The study also identified certain patterns in the relationship between biochemical markers of endothelial dysfunction (homocysteine, thrombomodulin, endothelin-1) and sex-related characteristics of the patients [3]. These patterns are presented in Table 1 and illustrate that the severity of endothelial dysfunction and its association with specific biochemical markers vary depending on the patient's sex [4]. This information is of practical importance for the further development of more precise approaches to the prevention and treatment of endothelial dysfunction.As shown in the data, male patients exhibited higher levels of both thrombomodulin and homocysteine across all age groups compared to female patients [5].
Table 1. Presents age-related quantitative changes in biochemical markers of endothelial dysfunction (homocysteine, thrombomodulin, endothelin-1) in the examined patients
Table 2. Sex- and age-related quantitative changes in biochemical markers of endothelial dysfunction (homocysteine, thrombomodulin, endothelin-1) in patients with acute ischemic stroke
ET-1 levels were significantly higher in female patients compared to males (p<0.01), and this trend was observed across all age groups. We also assessed the relationship between neurological deficit severity and the concentrations of biochemical markers of endothelial dysfunction (homocysteine, thrombomodulin, endothelin-1) during the acute phase of ischemic stroke (IS).

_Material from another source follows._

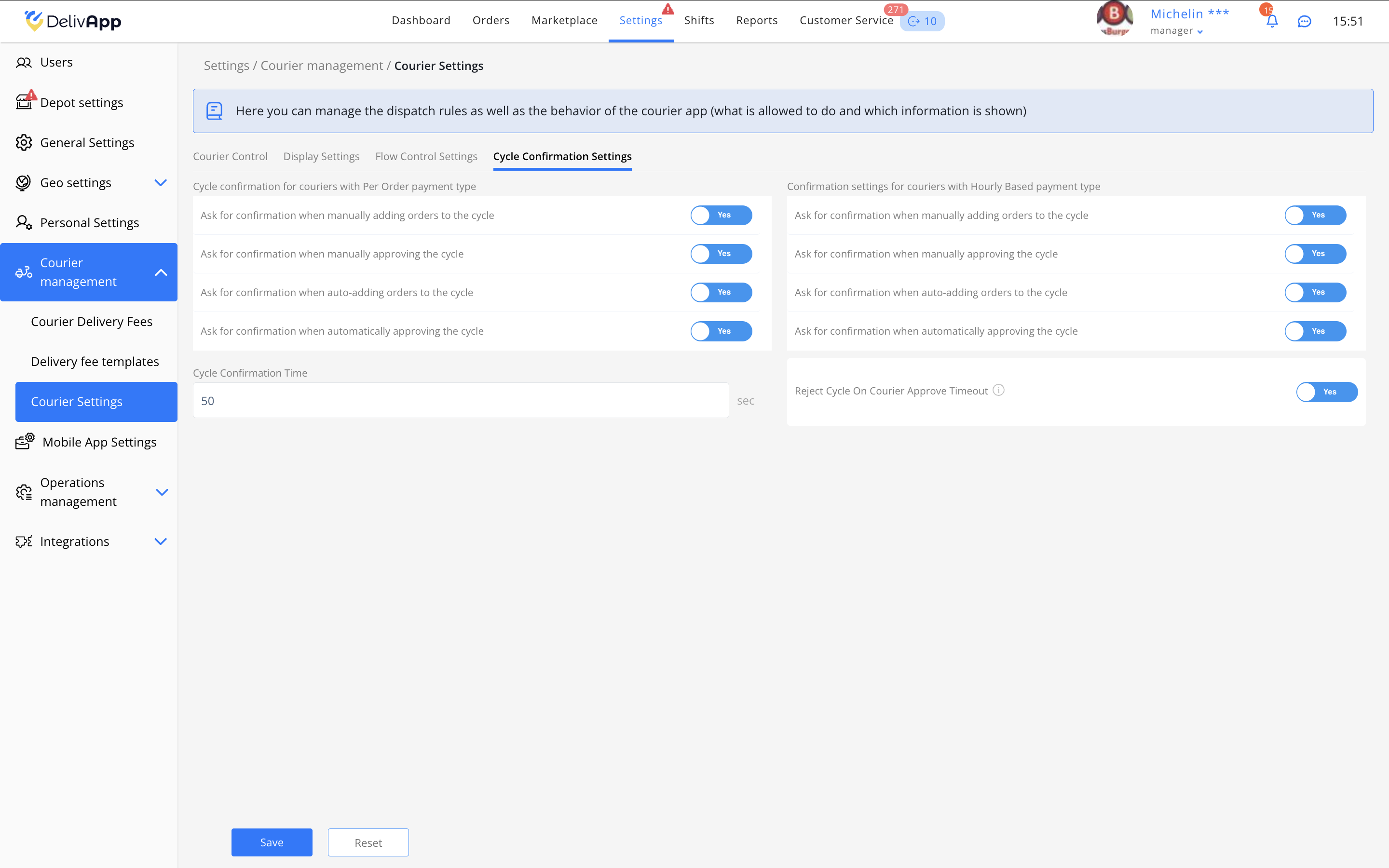 Запросить подтверждение при отправлении диспетчером — Если диспетчер вручную отправляет цикл заказов на курьера, то система запрашивает у курьера подтверждение. Курьер должен подтвердить получение и согласие на выполнение цикла, прежде чем начать работу.

It was found that in patients with severe neurological deficit, there was a marked increase in homocysteine (from 10.5±1.2 µmol/L to 21.3±3.1 µmol/L; p<0.001), thrombomodulin (from 65.6±3.2 µg/L to 140.3±6.3 µg/L; p<0.01), and endothelin-1 (from 8.9±0.21 pg/mL to 12.5±0.27 pg/mL; p<0.01) — representing an approximate twofold rise in each marker (Table 3).

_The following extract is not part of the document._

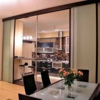 For people who want to diversify the room with a kitchen partition and at the same time do not want to install a stationary wall of heavy-duty materials, it is proposed to install a sliding partition as a room division.

Table 3. Changes in biochemical markers of endothelial dysfunction (homocysteine, thrombomodulin, endothelin-1) according to the severity of neurological deficit in patients during the acute phase of ischemic stroke
Furthermore, the predictive significance of elevated biomarker levels for the development of severe neurological deficit was identified. Specifically, a homocysteine level exceeding 16.59 µmol/L (AUC = 0.878, sensitivity – 77.3%, specificity – 89.2%; p<0.001), a thrombomodulin level above 70.0 µg/L (AUC = 0.869, sensitivity – 87%, specificity – 86.3%; p<0.001), and an endothelin-1 level greater than 9.2 pg/mL (AUC = 0.889, sensitivity – 86%, specificity – 84%; p<0.001) were identified as threshold values associated with poor neurological outcomes.

4. Conclusions

An age-dependent increase in the levels of homocysteine, thrombomodulin, and endothelin-1 was observed in patients during the acute phase of ischemic stroke, confirming the presence of pronounced endothelial dysfunction. These elevations, which intensified with age, reflect significant impairments in endothelial function and highlight its critical role in stroke pathogenesis.Sex-specific differences in the levels of endothelial dysfunction biomarkers were also observed: men exhibited higher levels of homocysteine and thrombomodulin, whereas women showed significantly elevated endothelin-1 levels.
The combined use of these biomarkers provides additional insight into the functional state of brain tissue during the hyperacute phase of ischemic stroke and may serve as an important tool for outcome prediction.